Copy exactly the lines of the material below that fall between the line with "2019年4月10日14时,伟德国际校团" and the line with "胡蝶蘭の実際にお届けした写真", both of those lines included; pictures stay out.

● ● ●

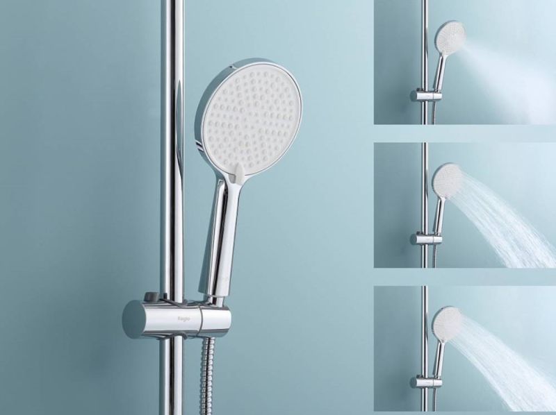 Душевая система Raglo R20.24.Цвет: хром.Материал: латунь.Управление: однорычажное.Механизм: керамический картридж.Излив: поворотный. Аэратор.Регулируемая по высоте душевая штанга: 1130-1480 мм.Форма верхнего душа: круглая.Диаметр верхнего душа: 250 мм.Регулируемый по высоте и наклону держатель ручного душа.Форма ручного душа: круглая.Количество режимов струи ручного душа: 3.Отверстия для монтажа: 3.Стандарт подводки: G 1/2.Монтаж: на стену.
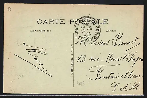 Personenbezogene Daten auf der Rückseite der Karte wurden durch blauen Textmarker unkenntlich gemacht. Die blauen Stellen sind auf die Vorderseite durchgeweicht und wirken sich negativ auf das Postkartenfoto aus
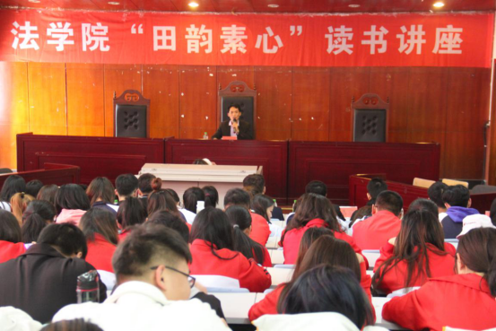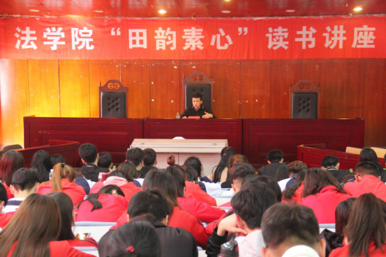 2019年4月10日14时,伟德国际校团委主办,bv1946伟德承办的第四届读书月活动 “田韵素心”读书讲座在模拟法庭举行。莅临嘉宾有校团委老师李浩源、bv1946伟德学生党支部书记吴树春、团总支书记苑立杰,主讲人由厦门大学法学博士、副教授李店标和2019届优秀毕业生代表赵福乾担任。
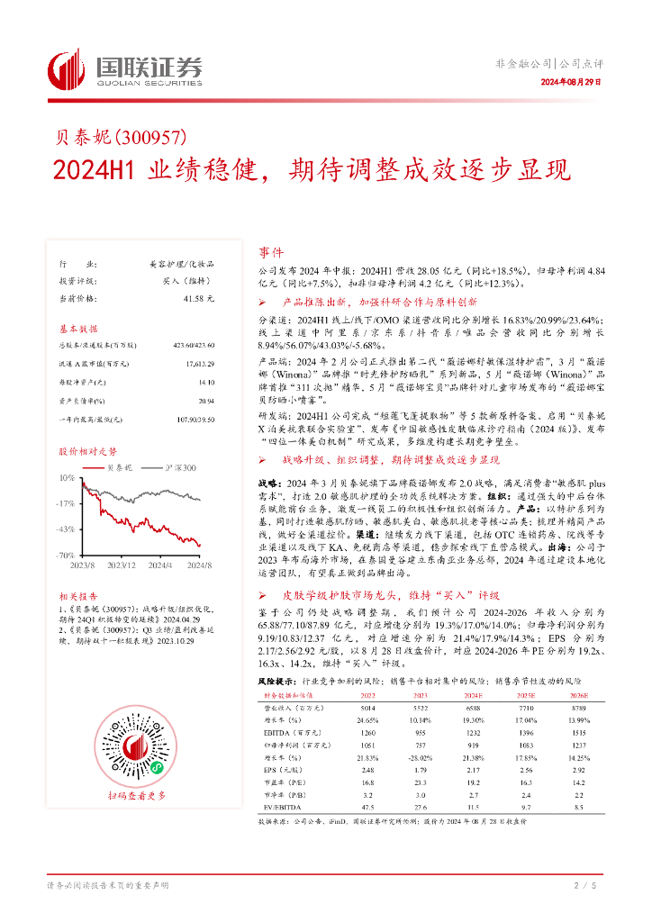 国联证券:贝泰妮(300957)-2024H1业绩稳健,期待调整成效逐步显现.pdf
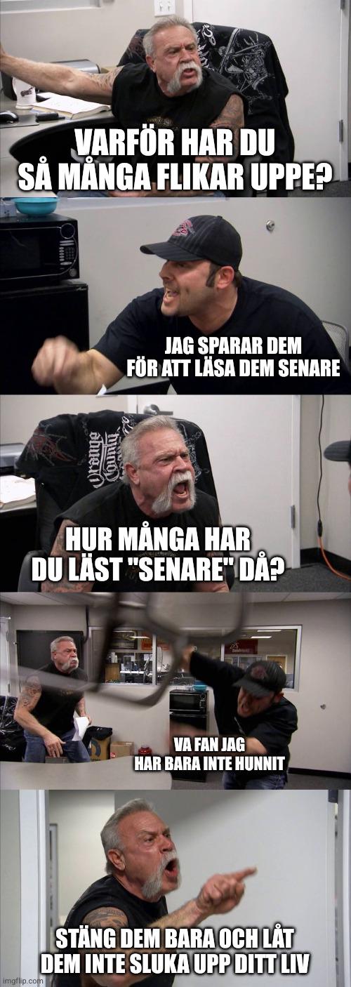 På datorn har jag aldrig mer än typ 10 men på telefonen är det typ två extra steg att stänga flikar då är man upp i ett hundra på en timme
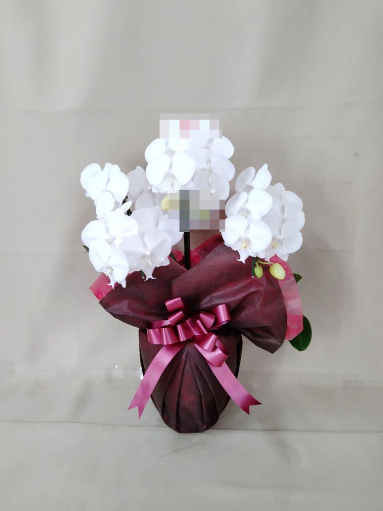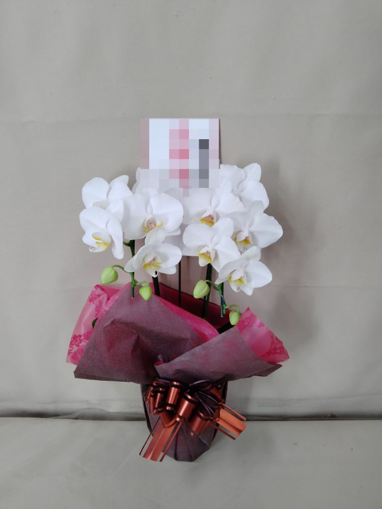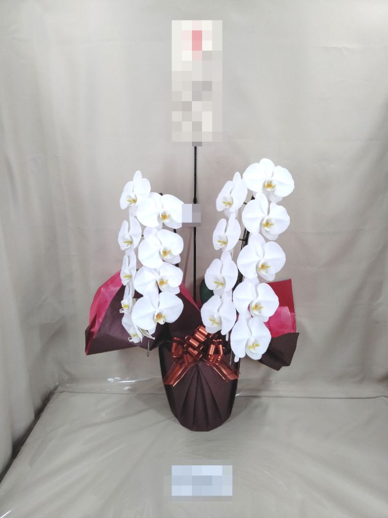 胡蝶蘭の実際にお届けした写真です。花秘書では発送前に写真をメールで送信致しますので安心して大切な顧客や取引様へのギフトにご利用頂けます。
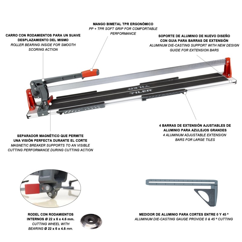 Corta Azulejos Wolfpack Profesional Base Aluminio 1200 mm. Azulejos Grandes WOLFPACK LINEA PROFESIONAL
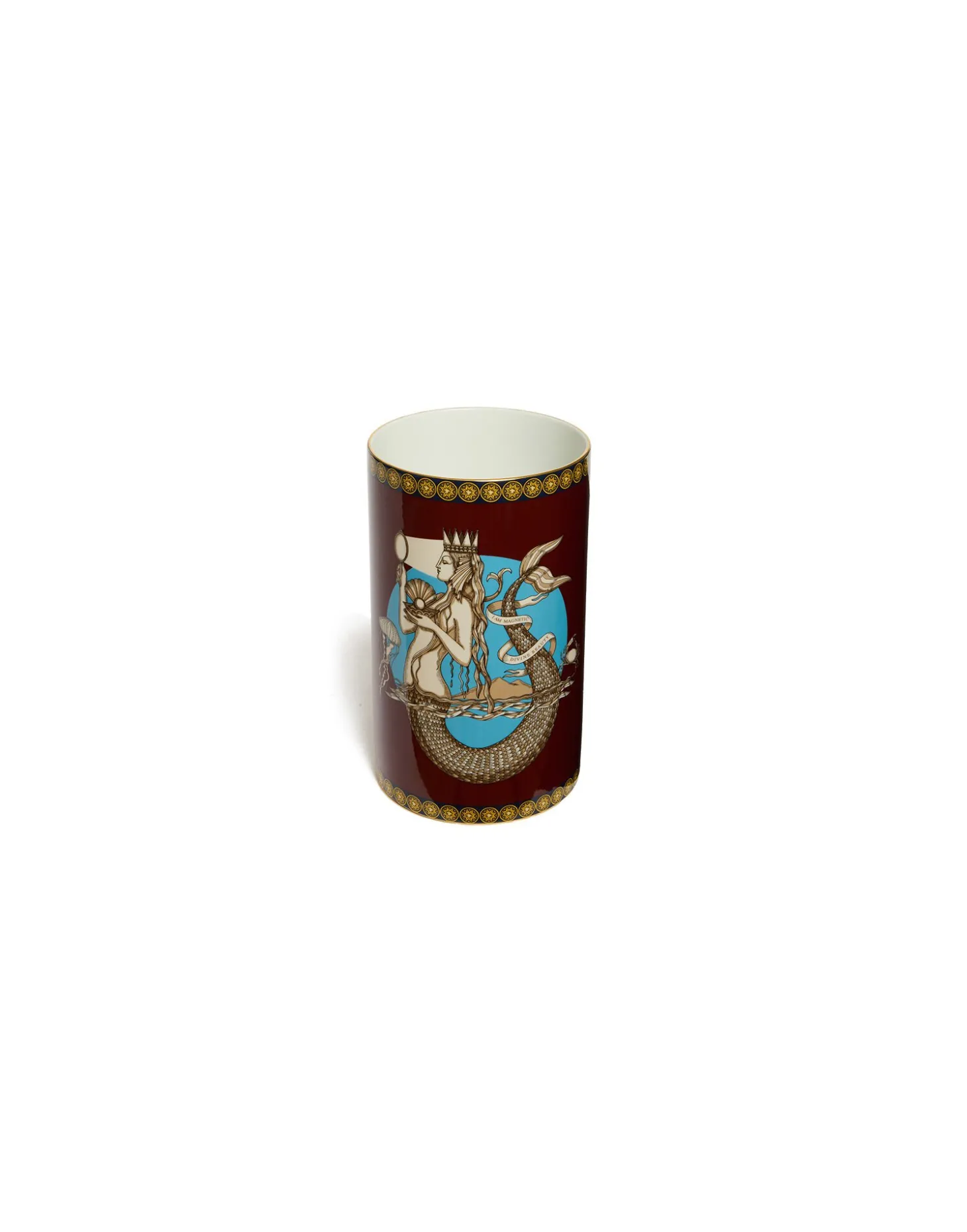 An iconic symbol of divine beauty, the Mermaid is equal parts femininity and fortitude. The queen of our emotions, we see her here rising from the depths of the ocean, captured to beautiful effect by artist Elisa Seitzinger. As one of our Guardians, she serves as the custodian of your sensuality and your heart, making this 18K-gold trimmed Pillar Vase the perfect present to your beloved or as part of your personal collection to help fortify your feminine energies.Crafted in collaboration with Turin-based artist Elisa Seitzinger, the Guardian Collection features five energy-protecting supernatural stewards;The Unicorn; The Sphinx; The Angel; The Dragon: The Mermaid. With intricate hidden symbols lovingly etched, painted or printed onto each piece, these are more than mere beautiful objects – these are vibration-raising, mood-boosting, positivity-bringing happiness generators. Select the specific Guardian that activates your desired energy, or collect all five for maximum cosmic consciousness.If so moved, feel free to use this mantra with your Guardian item: “I surrender to the depths of the Divine Feminine”
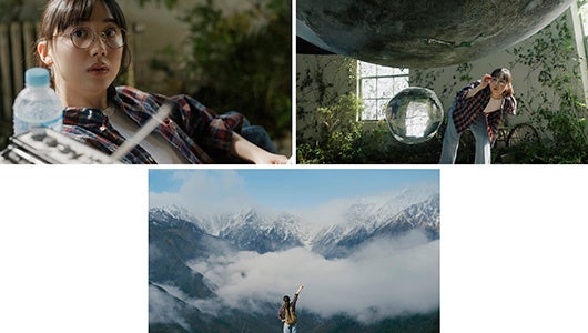 雄大な山脈に向かって、芦田さんが右手で高らかにピースサインをするカットは、日の出とともに撮影が行われました。ロケ地は当初、霧に覆われ、雨も降るとの予報ながら、日の出から1時間ほど経つと、ほんの一瞬だけ雲が晴れて、その間から山脈が見える絶好のチャンスが到来。いつ始まっても対応できるよう、寒空の下でスタンバイしていた制作チームのおかげで、何とか一度だけ撮影することができました。その後、再び天候が良くなるタイミングを狙って、しばらく待機したものの、結局チャンスは訪れることなく、その一回が奇跡のワンカットとなりました。
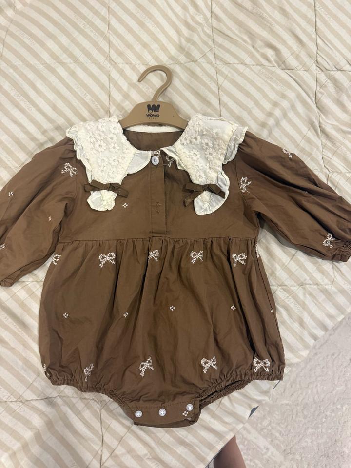 Надевали пару раз на фотосессии. Размер: 90 см, но маломерит на 80 см. (Мы надевали, даже когда были меньше 80 см, где то в 6-7 месяцев, зависит от веса и роста ребенка). Артикул: 308127
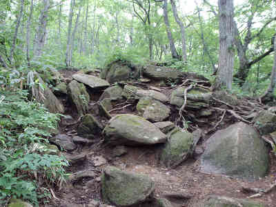 更に奇岩大岩を超えると坂の傾斜が増し、横木の階段道に入る。ここでも急登を踏ん張り、左に長方形の大岩を過すと七合目に着く。ここで足下を眺めているとヤマジノホトトギスの花を見つけた。この付近でようやく花を観賞できるほど、心が落ち着いた。間もなく階段が切れ、進路はわずかに右方向へ変わる。
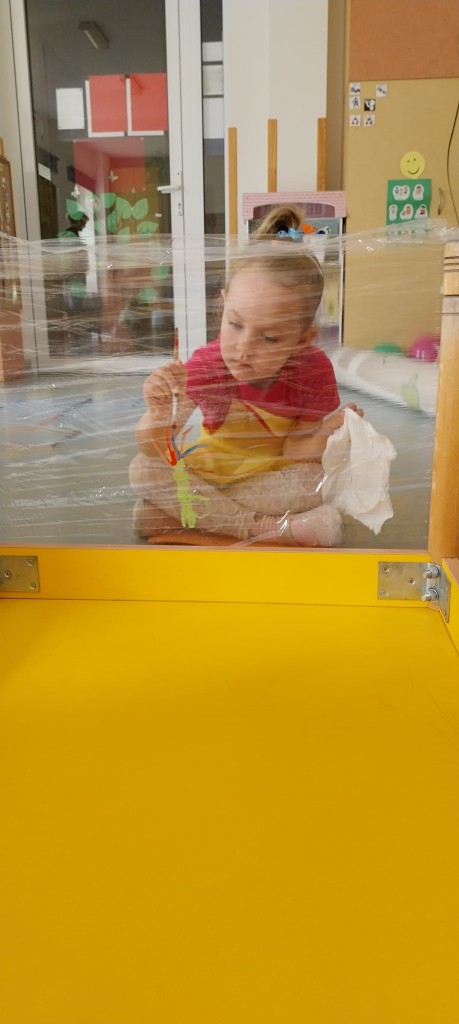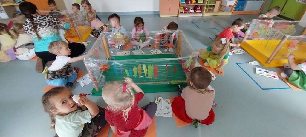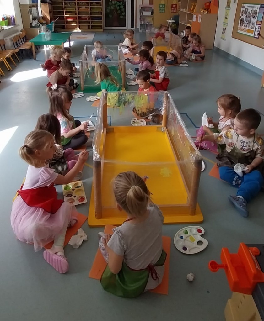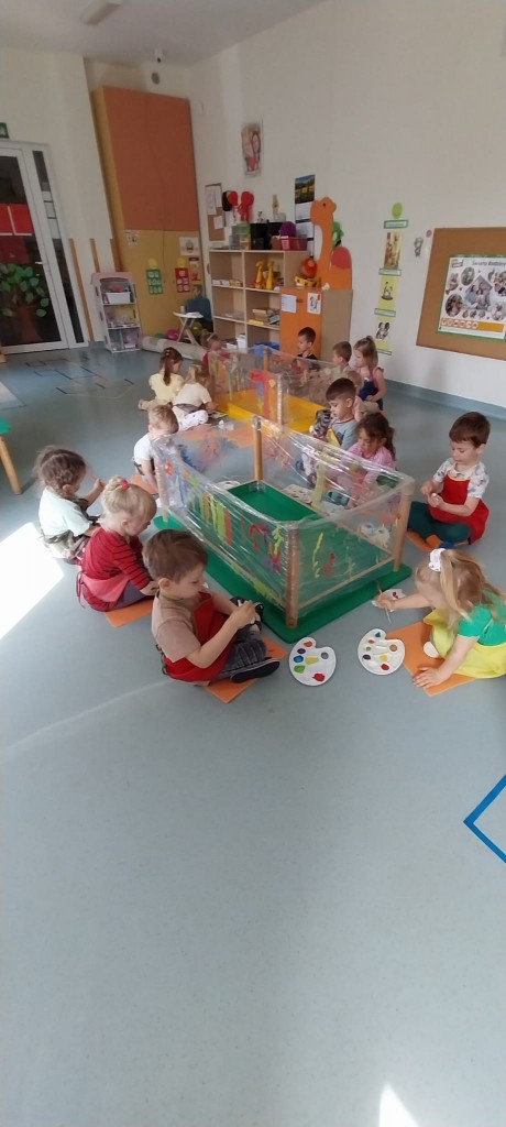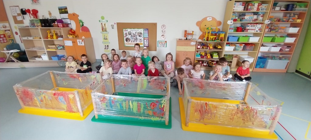 W środę 28 maja poznaliśmy nowa technikę plastyczną jaką jest malowanie na folii. Malowaliśmy kwiatki dla naszych Rodziców ćwicząc przy tym motorykę małą oraz koordynacje wzrokowo-ruchową. Zauważyliśmy, że malowanie na folii jest zupełnie inne niż malowanie na papierze. Przezroczysta folia pozwoliła nam zobaczyć swoje dzieło z dwóch stron i okazała się świetną zabawą, która pobudziła nasze zmysły.

● ● ●

* _TASK RESPONSE_:
 2019年4月10日14时,伟德国际校团委主办,bv1946伟德承办的第四届读书月活动 “田韵素心”读书讲座在模拟法庭举行。莅临嘉宾有校团委老师李浩源、bv1946伟德学生党支部书记吴树春、团总支书记苑立杰,主讲人由厦门大学法学博士、副教授李店标和2019届优秀毕业生代表赵福乾担任。
 国联证券:贝泰妮(300957)-2024H1业绩稳健,期待调整成效逐步显现.pdf
 På datorn har jag aldrig mer än typ 10 men på telefonen är det typ två extra steg att stänga flikar då är man upp i ett hundra på en timme
 胡蝶蘭の実際にお届けした写真です。花秘書では発送前に写真をメールで送信致しますので安心して大切な顧客や取引様へのギフトにご利用頂けます。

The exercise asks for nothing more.